DATA EXCERPT

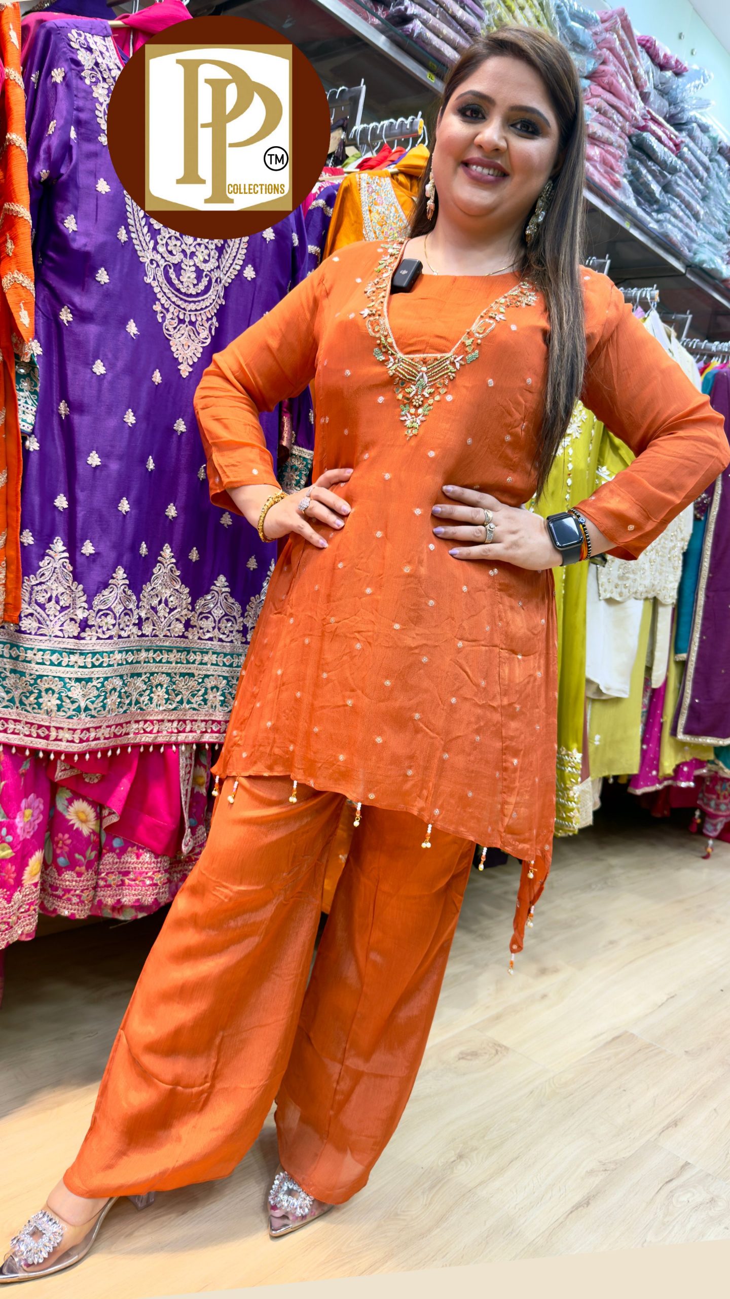 Description : 3piece plazzo Set Fabric Type : Tissue Style : cord set Work Type : Havey Hand Work cord set with pants.
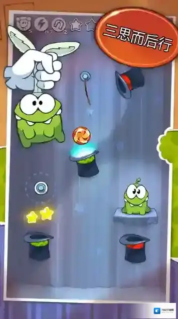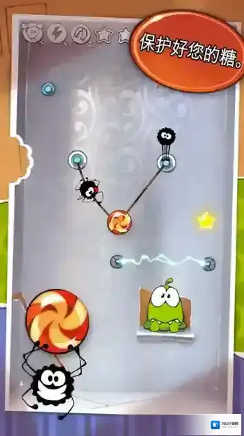 割绳子1(Cut the Rope),非常经典休闲的一款益智闯关游戏,采用了十分清新简洁的卡通画风,画面细腻且精致,操作也是简单易上手,可以轻松的带给你快乐!在游戏中,我们将会看到被绳子系住的糖果,需要通过一些列的操作,借助场景中的各种道具,让糖果最终落入小怪物的嘴里,这样就能顺利过关!除此之外,每一关的场景中还会分布三颗星星,在完成挑战的同时,收集齐三颗星星即可更好的完成关卡,奖励也会更高哦!
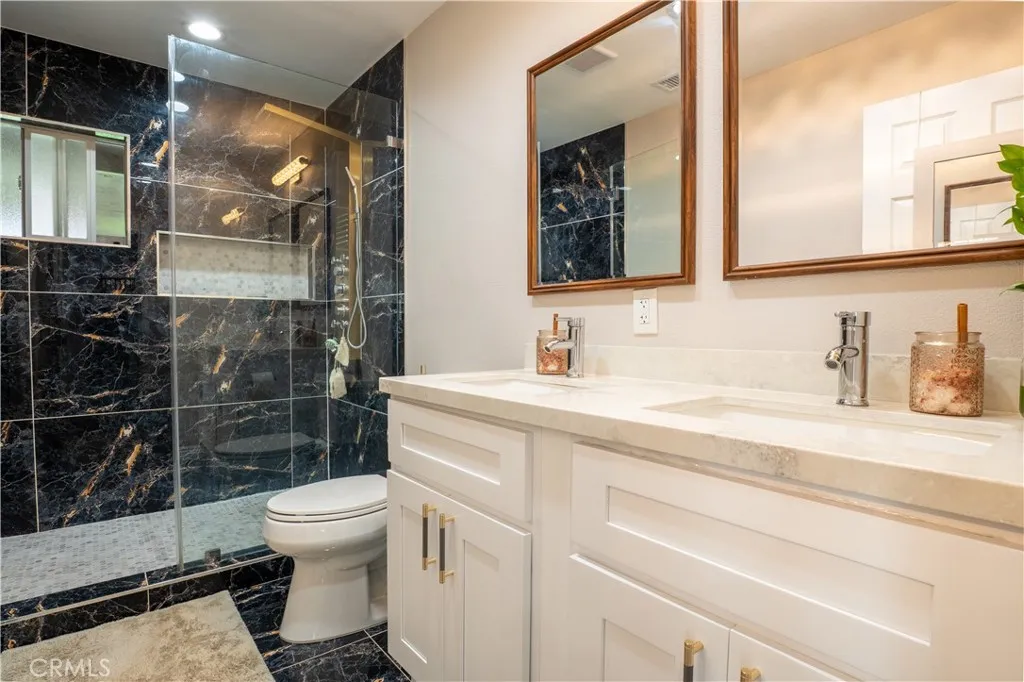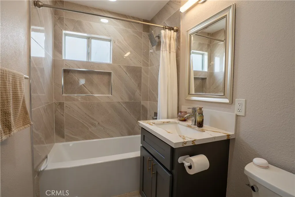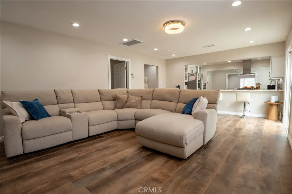 This beautiful home is an entertainers delight, ideally located in the highly desirable city of Buena Park, California. Situated on a spacious 7,204 sq ft lot on a quiet street, this property offers both comfort and convenience, with close proximity to shopping centers, schools, and easy access to the 91 and 5 freeways. The home features a 2-car garage along with a long, private gated driveway providing ample additional parking. The front yard is clean and well-maintained, complemented by paid-off solar panels for energy efficiency. Inside, youll find well-kept laminate flooring throughout, a bright and spacious living room, kitchen, and family roomperfect for everyday living and entertaining. The kitchen boasts white shaker cabinets and elegant quartz countertops. The primary bedroom is clean and inviting, complete with a walk-in closet, along with two additional bedrooms. The home also includes a separate laundry room for added convenience. Enjoy modern upgrades such as recessed lighting, recently remodeled bathrooms, and a newer central heating and air conditioning system. The backyard is perfect for gatherings, featuring a covered patio and a grassy area ideal for relaxing or entertaining family and friends.
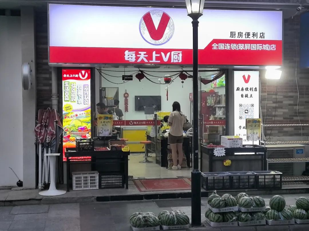 到了2023年6月,公司内部数字化系统与供应链成熟,V厨开始把线上内容延伸到线下门店。店面统一以“V厨”命名,门头极简,只突出“V厨”符号。对周边居民而言,一个直接对应“做饭需求”的门头,很容易在琳琅满目的社区零售里脱颖而出。

REQUIRED ACTION
Only the pictures in the listing above get left out; print everything else exactly.

OUTPUT OF THE TASK
 Description : 3piece plazzo Set Fabric Type : Tissue Style : cord set Work Type : Havey Hand Work cord set with pants.
 割绳子1(Cut the Rope),非常经典休闲的一款益智闯关游戏,采用了十分清新简洁的卡通画风,画面细腻且精致,操作也是简单易上手,可以轻松的带给你快乐!在游戏中,我们将会看到被绳子系住的糖果,需要通过一些列的操作,借助场景中的各种道具,让糖果最终落入小怪物的嘴里,这样就能顺利过关!除此之外,每一关的场景中还会分布三颗星星,在完成挑战的同时,收集齐三颗星星即可更好的完成关卡,奖励也会更高哦!
 This beautiful home is an entertainers delight, ideally located in the highly desirable city of Buena Park, California. Situated on a spacious 7,204 sq ft lot on a quiet street, this property offers both comfort and convenience, with close proximity to shopping centers, schools, and easy access to the 91 and 5 freeways. The home features a 2-car garage along with a long, private gated driveway providing ample additional parking. The front yard is clean and well-maintained, complemented by paid-off solar panels for energy efficiency. Inside, youll find well-kept laminate flooring throughout, a bright and spacious living room, kitchen, and family roomperfect for everyday living and entertaining. The kitchen boasts white shaker cabinets and elegant quartz countertops. The primary bedroom is clean and inviting, complete with a walk-in closet, along with two additional bedrooms. The home also includes a separate laundry room for added convenience. Enjoy modern upgrades such as recessed lighting, recently remodeled bathrooms, and a newer central heating and air conditioning system. The backyard is perfect for gatherings, featuring a covered patio and a grassy area ideal for relaxing or entertaining family and friends.
 到了2023年6月,公司内部数字化系统与供应链成熟,V厨开始把线上内容延伸到线下门店。店面统一以“V厨”命名,门头极简,只突出“V厨”符号。对周边居民而言,一个直接对应“做饭需求”的门头,很容易在琳琅满目的社区零售里脱颖而出。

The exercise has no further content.